Input data >>

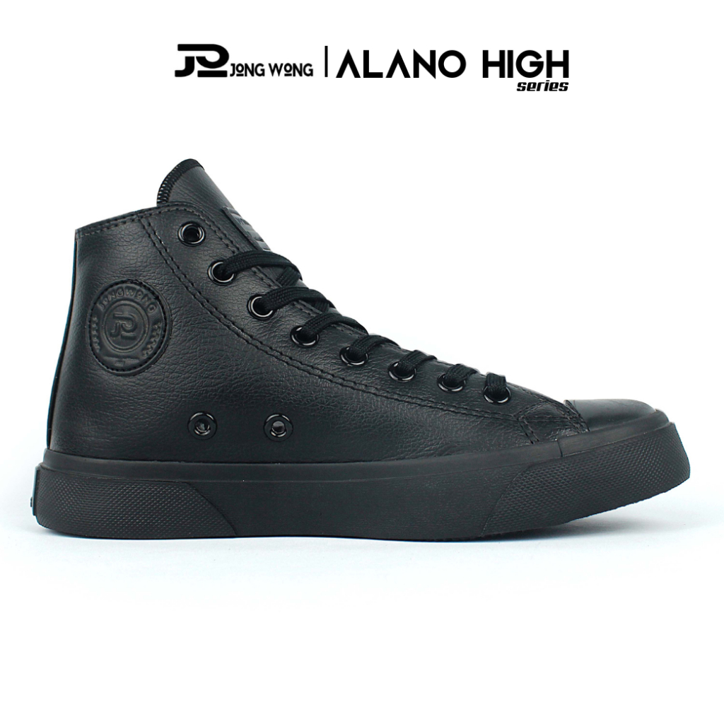 Jong Wong Official - Original Alano Full Black High | Sepatu Sneakers Kulit Casual Pria Wanita
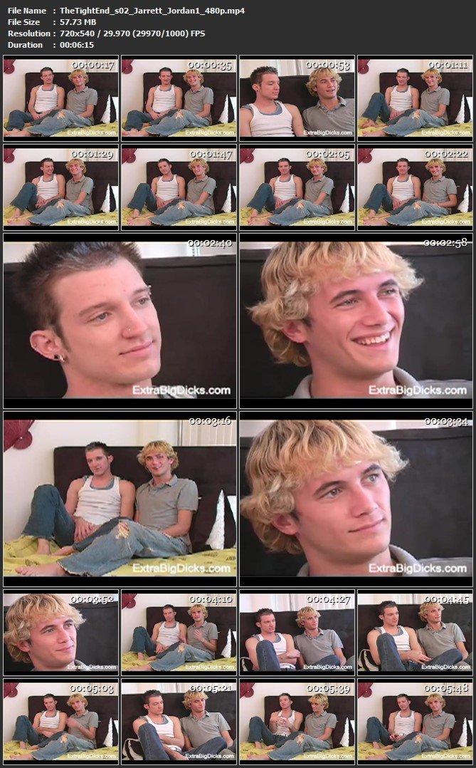 Young, hung and full of cum can sometimes be just a catch-phrase, but with the two guys we have today, and one of them with the 8.5´ thick, cut spear like Jarrett, it´s not just words, but a description of the players and action involved in this week´s scorcher of a tail tale. We have seen Jarrett working his huge cock alone, and then there was that famous oral fest with the even more hung Kiko, but today we get to see Jarrett do what he does best: fuck. From deep, passionate kisses to Jordan inhaling Jarrett´s considerable cock, their lust for each other is evident from the minute the camera starts to roll. Jarrett´s throbbing cock formed a lump in his tight, lycra shorts that Jordan needed to admire. Who can blame him? Seeing something so thick and so long on a guy this hot in shorts is a scenic vista that makes you want to grab that bone and never let go. Jordan´s long, sensuous tongue and deep throat engulfs Jarrett´s cock to the base before the two move into a red hot 69 where Jarrett´s tongue finds that Jordan´s hole is ready for some serious attention. Jarrett is just the man to give it to him.Lubing up Jordan´s ass, Jarrett moves him into doggie position and begins a slow insertion, easing that considerable sausage into his hole. Jordan´s eyes rolling back into his head, soft moans and the pressing forward of his hips indicate just what a great top Jarrett is. Jarrett rolls him over into missionary position, grinding his pelvis into Jordan.Fevered by Jarrett´s pitch, Jordan climbs on top and rides that meat like an athlete vying for the most valuable player trophy. With Jarrett´s cock impaled through Jordan´s hole and Jordan´s tongue down Jarrett´s throat, being filled with Jarrett from both ends was Jordan´s last inning of an explosive finish right onto Jarrett´s abs with Jarrett´s quite considerable load soon to follow. They are still young and still hung, but no longer full of cum – just as it should be!
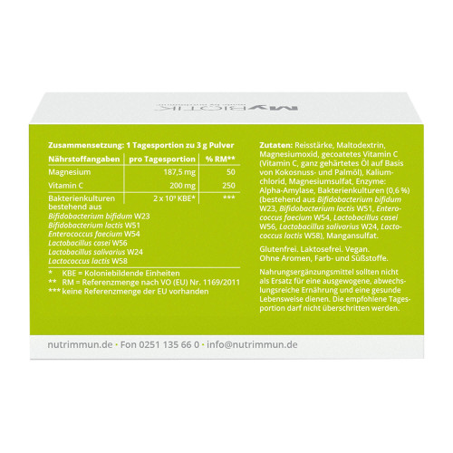 Reisstärke, Maltodextrin, Magnesiumoxid, gecoatetes Vitamin C (Vitamin C, ganz gehärtetes Öl auf Basis von Kokosnuss- und Palmöl), Kaliumchlorid, Magnesiumsulfat, Enzyme: Alpha-Amylase, Bakterienkulturen (0,6 %) (bestehend aus Bifidobacterium bifidum W23, Bifidobacterium lactis W51, Enterococcus faecium W54, Lactobacillus casei W56, Lactobacillus salivarius W24, Lactococcus lactis W58), Mangansulfat.
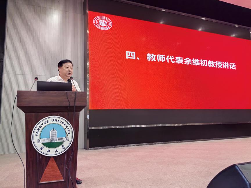 教师代表余维初教授也为新生们指明了未来奋斗的方向。他指出,为学先为人,老员工应当自觉担负起对于国家和社会的责任与使命,努力践行求实进取、创业报国的优良校风。同时也要学会独立,要能够做到个人独立生活,独立思考,拥有独立的人格,活出独立的人生。
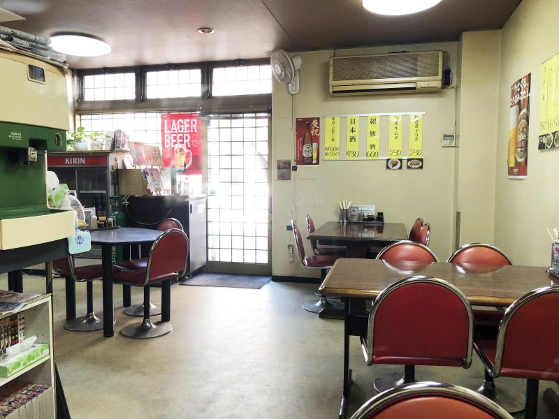 大衆中華店らしい気取らないリーズナブルなメニューがうれしいですね。定食類なども充実していてお一人様でも安心して利用できます。京都市内ではすっかり少なくなった昭和の中華店の1軒で、地元の方からも人気のお店です。しかも11時から夜(通常は21時までですが現在は緊急事態宣言中のため確認していません)までの通し営業なのもありがたい。特にランチは時間を気にせず伺え、重宝するお店ではないでしょうか。では店内へ入ってみましょう。
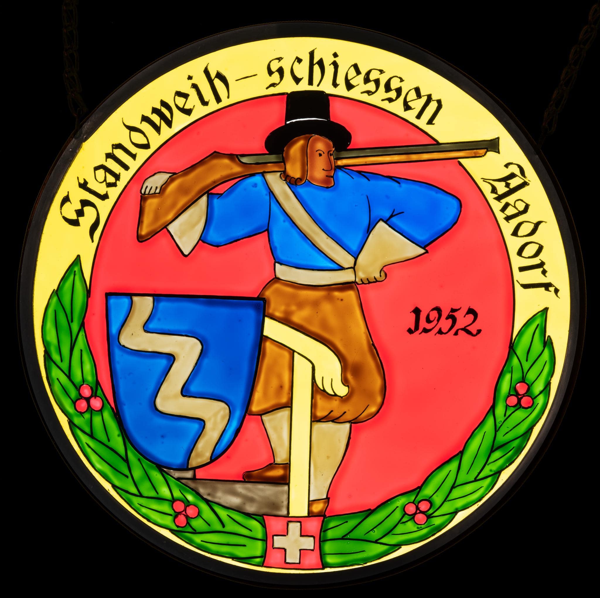 Die runde Monolith-Scheibe zeigt im mittleren Bildfeld einen stehenden Schützen mit einer Büchse über seiner rechten Schulter. Sein rechter Fuss ruht auf einer Treppenstufe, der Unterkörper ist teilweise vom Treppengeländer und dem Wappen von Aadorf verdeckt. Der Hintergrund des Bildfeldes ist rot, darauf ist das Jahr vermerkt. In der unteren Hälfte des gelben Randbereichs ist ein vegetabiler Halbkranz dargestellt. Im oberen Teil ist die Inschrift untergebracht.

Directions for this task >> Write out the records above once more, word for word, with no pictures.

Your solution >>
 Jong Wong Official - Original Alano Full Black High | Sepatu Sneakers Kulit Casual Pria Wanita
 Young, hung and full of cum can sometimes be just a catch-phrase, but with the two guys we have today, and one of them with the 8.5´ thick, cut spear like Jarrett, it´s not just words, but a description of the players and action involved in this week´s scorcher of a tail tale. We have seen Jarrett working his huge cock alone, and then there was that famous oral fest with the even more hung Kiko, but today we get to see Jarrett do what he does best: fuck. From deep, passionate kisses to Jordan inhaling Jarrett´s considerable cock, their lust for each other is evident from the minute the camera starts to roll. Jarrett´s throbbing cock formed a lump in his tight, lycra shorts that Jordan needed to admire. Who can blame him? Seeing something so thick and so long on a guy this hot in shorts is a scenic vista that makes you want to grab that bone and never let go. Jordan´s long, sensuous tongue and deep throat engulfs Jarrett´s cock to the base before the two move into a red hot 69 where Jarrett´s tongue finds that Jordan´s hole is ready for some serious attention. Jarrett is just the man to give it to him.Lubing up Jordan´s ass, Jarrett moves him into doggie position and begins a slow insertion, easing that considerable sausage into his hole. Jordan´s eyes rolling back into his head, soft moans and the pressing forward of his hips indicate just what a great top Jarrett is. Jarrett rolls him over into missionary position, grinding his pelvis into Jordan.Fevered by Jarrett´s pitch, Jordan climbs on top and rides that meat like an athlete vying for the most valuable player trophy. With Jarrett´s cock impaled through Jordan´s hole and Jordan´s tongue down Jarrett´s throat, being filled with Jarrett from both ends was Jordan´s last inning of an explosive finish right onto Jarrett´s abs with Jarrett´s quite considerable load soon to follow. They are still young and still hung, but no longer full of cum – just as it should be!
 Reisstärke, Maltodextrin, Magnesiumoxid, gecoatetes Vitamin C (Vitamin C, ganz gehärtetes Öl auf Basis von Kokosnuss- und Palmöl), Kaliumchlorid, Magnesiumsulfat, Enzyme: Alpha-Amylase, Bakterienkulturen (0,6 %) (bestehend aus Bifidobacterium bifidum W23, Bifidobacterium lactis W51, Enterococcus faecium W54, Lactobacillus casei W56, Lactobacillus salivarius W24, Lactococcus lactis W58), Mangansulfat.
 教师代表余维初教授也为新生们指明了未来奋斗的方向。他指出,为学先为人,老员工应当自觉担负起对于国家和社会的责任与使命,努力践行求实进取、创业报国的优良校风。同时也要学会独立,要能够做到个人独立生活,独立思考,拥有独立的人格,活出独立的人生。
 大衆中華店らしい気取らないリーズナブルなメニューがうれしいですね。定食類なども充実していてお一人様でも安心して利用できます。京都市内ではすっかり少なくなった昭和の中華店の1軒で、地元の方からも人気のお店です。しかも11時から夜(通常は21時までですが現在は緊急事態宣言中のため確認していません)までの通し営業なのもありがたい。特にランチは時間を気にせず伺え、重宝するお店ではないでしょうか。では店内へ入ってみましょう。
 Die runde Monolith-Scheibe zeigt im mittleren Bildfeld einen stehenden Schützen mit einer Büchse über seiner rechten Schulter. Sein rechter Fuss ruht auf einer Treppenstufe, der Unterkörper ist teilweise vom Treppengeländer und dem Wappen von Aadorf verdeckt. Der Hintergrund des Bildfeldes ist rot, darauf ist das Jahr vermerkt. In der unteren Hälfte des gelben Randbereichs ist ein vegetabiler Halbkranz dargestellt. Im oberen Teil ist die Inschrift untergebracht.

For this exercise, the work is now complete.